▶ [Work to be completed]:
Write out the data word for word and omit every picture.

▶ [Material provided]:
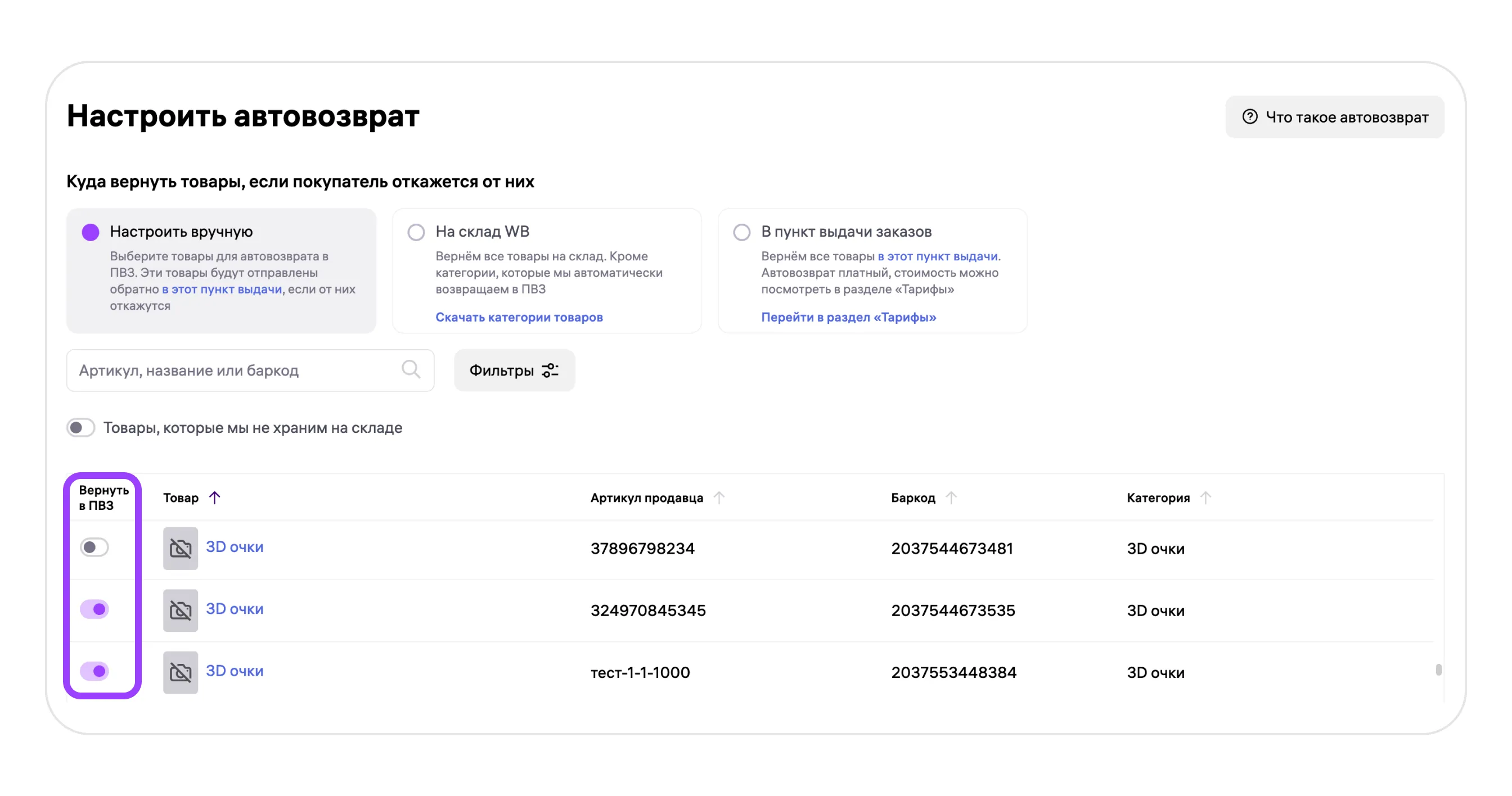Чтобы подключить или отключить автовозврат конкретному товару, выберите «Настроить вручную» — появится список товаров, доступных для возврата. Нажмите переключатель «Вернуть в ПВЗ».
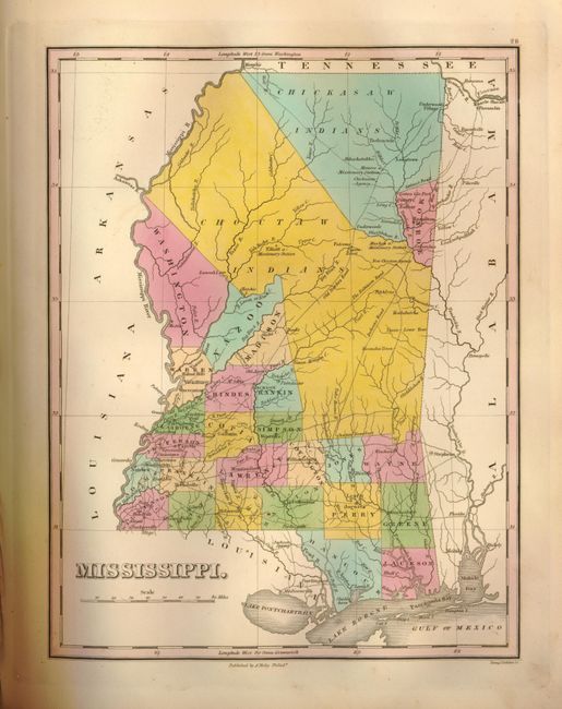 This is an important and complete American published atlas that appeared in several editions published between 1824-34; this atlas is dated 1833 on the title page. Each finely engraved copperplate map is in original, full hand color. The North America map shows the United States ending at today's boundary, with New Caledonia above and Russian Possessions above and extending to the Arctic Circle. The map of Mexico includes what will become the independent Republic of Texas in 1836, here labeled "Coahuala and Texas." Also featured is the uncommon, Map of the West Coast of Africa from Sierra Leone to Cape Palmas, including the colony of Liberia which has an inset of Monrovia. The two thematic charts are "Comparative Heights of the Principal Mountains &c. in the World" and the "Comparative Length of Rivers." Bound in original marbled boards with red morocco leather and original paper title label on front cover. Folio. Title page, table of contents, three tables; statistical, length of rivers and height of mountains and 62 maps engraved by Young & Delleker, four of which are double page. With Finley's original paper label on the inside front cover listing other maps for sale with price. This is a good example of an important and increasingly difficult to find atlas.
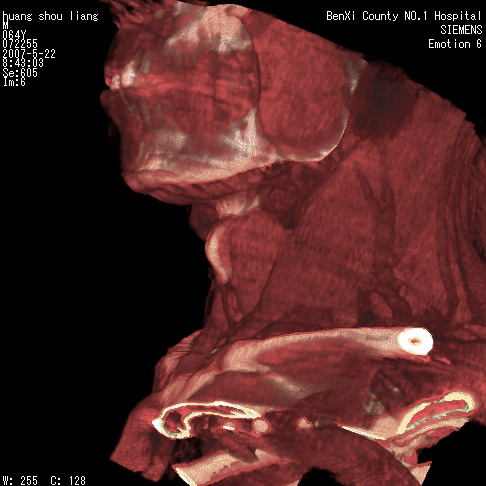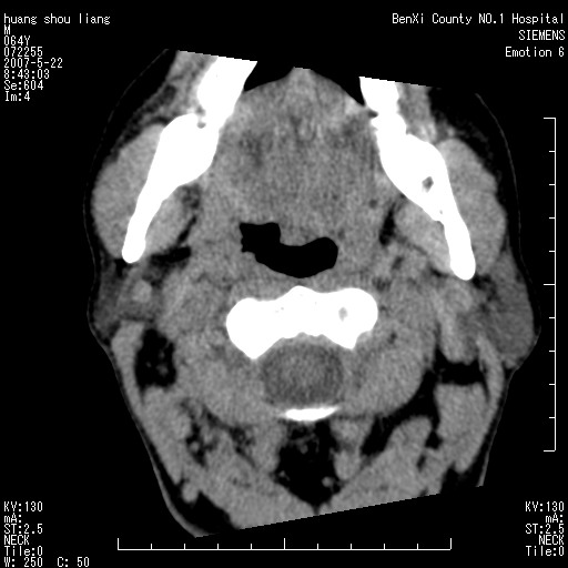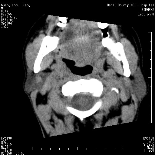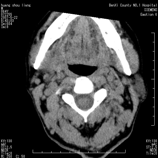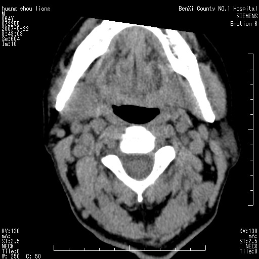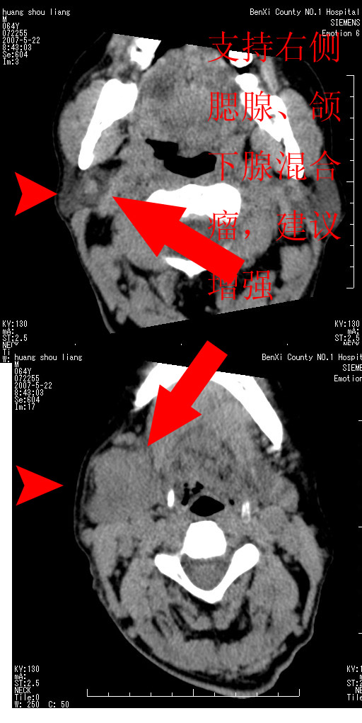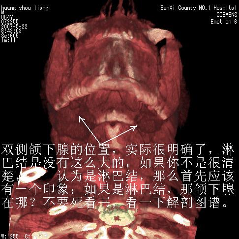 对不起大家,可能是片子发太多有点乱,正常腮腺在下颌角的外侧,颌下腺在下颌体的中部内侧,本例在下颌角内侧偏下,和腺体一点关系都没有,从vrt和mpr上可以很明显看出来,再者肿块是好多粘连在一块的,大家在仔细看看,左侧可能也是吧,我还是考虑为肿大的淋巴结融合在一块,但性质??????
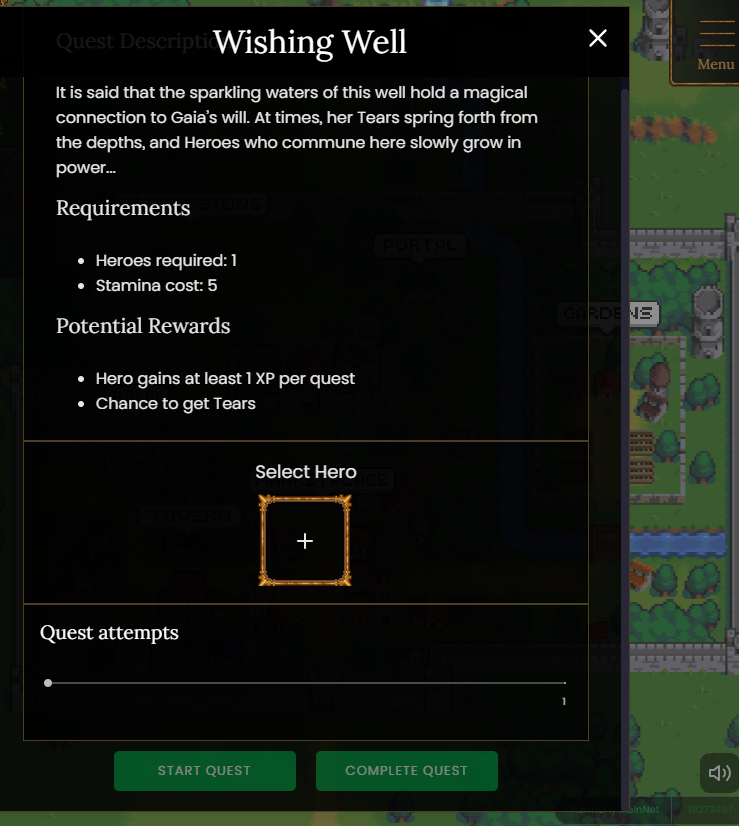 所有するヒーローを選択し、祈らせることで涙 Gaia's Tears(DFKTEARS)を入手できます。
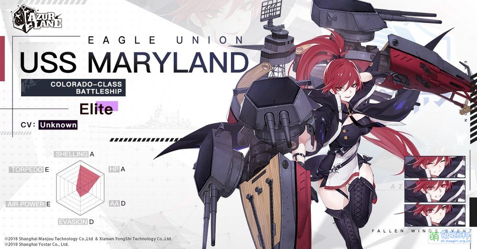马里兰(馬里蘭,Maryland,メリーランド,메릴랜드)是由蛮啾网络、勇仕网络联合研发的移动设备游戏《碧蓝航线》及其衍生作品中的登场角色。
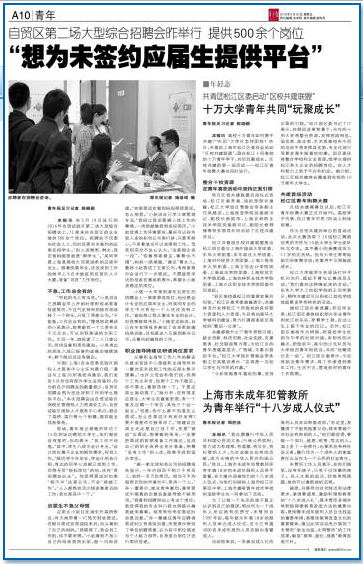 5月20日,青年报在第A10版:青年版报道共青团上海市松江区委员会启动“区校共建联盟”,我院党委副书记、副院长俞锦禄参加了区校共建联盟启动仪式,并与相关领导共同启动了区校共建项目。
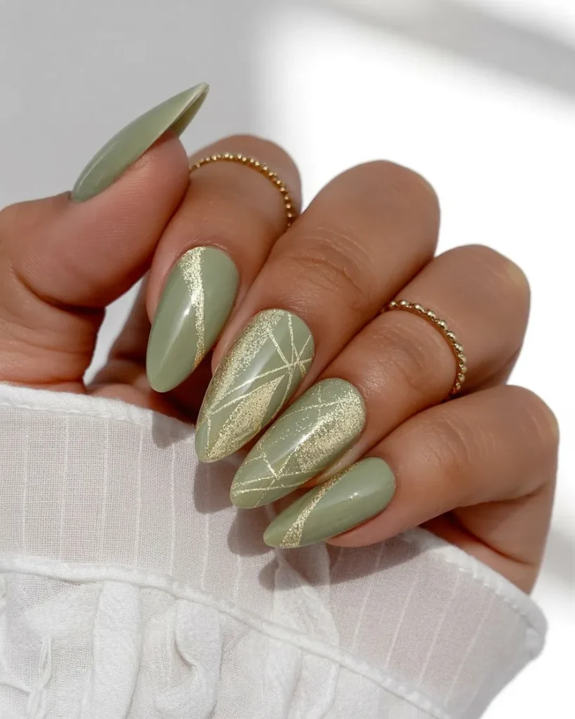 This look is understated luxury at its best. The muted green cat-eye base feels calm and sophisticated, while the fine gold lines add just enough detail to elevate it. It’s modern, grounded, and incredibly chic—the kind of manicure that quietly signals great taste.
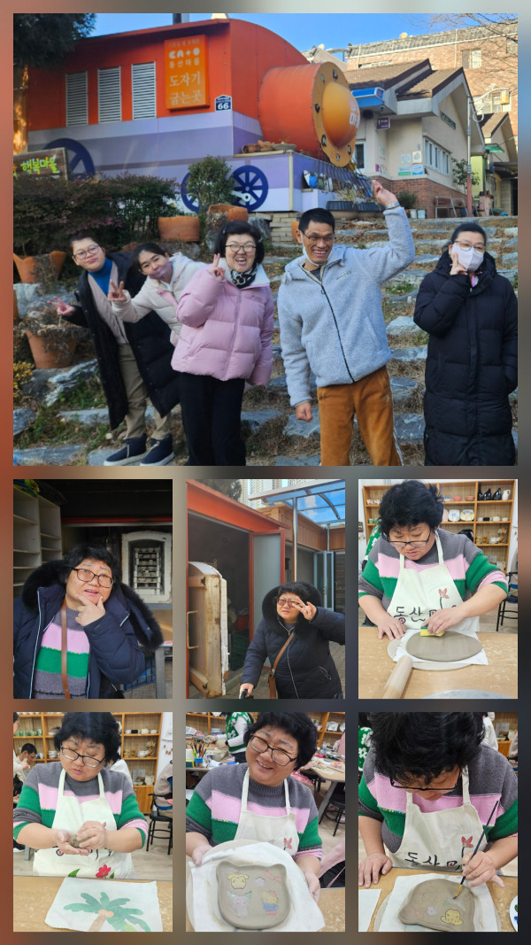 오전 노래교실에서 쿨의 '슬퍼지려 하기 전에'라는 곡을 배우고 다같이 불러보는시간을 가졌어요. 못갖춘마디로 시작되는 곡이어서 시작 타이밍을 잘 잡고 들어갈 수 있도록 상세하게 알려주셨답니다! 모두 시간가는 줄 모르고 열심히 따라부르고 개별 독창을 하였어요~ 오후에는 동래에 있는 도자기 공방을 가서 접시를 만들었답니다. 귀여운 키티접시를 선택한 우리 이용자분은 점토로 키티틀을 만든다음 귀여운 스템프를 찍고 물감으로 색칠한 뒤 완성했답니다. 한달 뒤 어떤 모습으로 예쁜접시를 받게 될지 벌써 기대가 되네요~ 오늘도 즐거운 시간 보내고 왔습니다^^

▶ [Worked solution]:
Чтобы подключить или отключить автовозврат конкретному товару, выберите «Настроить вручную» — появится список товаров, доступных для возврата. Нажмите переключатель «Вернуть в ПВЗ».
 This is an important and complete American published atlas that appeared in several editions published between 1824-34; this atlas is dated 1833 on the title page. Each finely engraved copperplate map is in original, full hand color. The North America map shows the United States ending at today's boundary, with New Caledonia above and Russian Possessions above and extending to the Arctic Circle. The map of Mexico includes what will become the independent Republic of Texas in 1836, here labeled "Coahuala and Texas." Also featured is the uncommon, Map of the West Coast of Africa from Sierra Leone to Cape Palmas, including the colony of Liberia which has an inset of Monrovia. The two thematic charts are "Comparative Heights of the Principal Mountains &c. in the World" and the "Comparative Length of Rivers." Bound in original marbled boards with red morocco leather and original paper title label on front cover. Folio. Title page, table of contents, three tables; statistical, length of rivers and height of mountains and 62 maps engraved by Young & Delleker, four of which are double page. With Finley's original paper label on the inside front cover listing other maps for sale with price. This is a good example of an important and increasingly difficult to find atlas.
 对不起大家,可能是片子发太多有点乱,正常腮腺在下颌角的外侧,颌下腺在下颌体的中部内侧,本例在下颌角内侧偏下,和腺体一点关系都没有,从vrt和mpr上可以很明显看出来,再者肿块是好多粘连在一块的,大家在仔细看看,左侧可能也是吧,我还是考虑为肿大的淋巴结融合在一块,但性质??????
 所有するヒーローを選択し、祈らせることで涙 Gaia's Tears(DFKTEARS)を入手できます。
马里兰(馬里蘭,Maryland,メリーランド,메릴랜드)是由蛮啾网络、勇仕网络联合研发的移动设备游戏《碧蓝航线》及其衍生作品中的登场角色。
 5月20日,青年报在第A10版:青年版报道共青团上海市松江区委员会启动“区校共建联盟”,我院党委副书记、副院长俞锦禄参加了区校共建联盟启动仪式,并与相关领导共同启动了区校共建项目。
 This look is understated luxury at its best. The muted green cat-eye base feels calm and sophisticated, while the fine gold lines add just enough detail to elevate it. It’s modern, grounded, and incredibly chic—the kind of manicure that quietly signals great taste.
 오전 노래교실에서 쿨의 '슬퍼지려 하기 전에'라는 곡을 배우고 다같이 불러보는시간을 가졌어요. 못갖춘마디로 시작되는 곡이어서 시작 타이밍을 잘 잡고 들어갈 수 있도록 상세하게 알려주셨답니다! 모두 시간가는 줄 모르고 열심히 따라부르고 개별 독창을 하였어요~ 오후에는 동래에 있는 도자기 공방을 가서 접시를 만들었답니다. 귀여운 키티접시를 선택한 우리 이용자분은 점토로 키티틀을 만든다음 귀여운 스템프를 찍고 물감으로 색칠한 뒤 완성했답니다. 한달 뒤 어떤 모습으로 예쁜접시를 받게 될지 벌써 기대가 되네요~ 오늘도 즐거운 시간 보내고 왔습니다^^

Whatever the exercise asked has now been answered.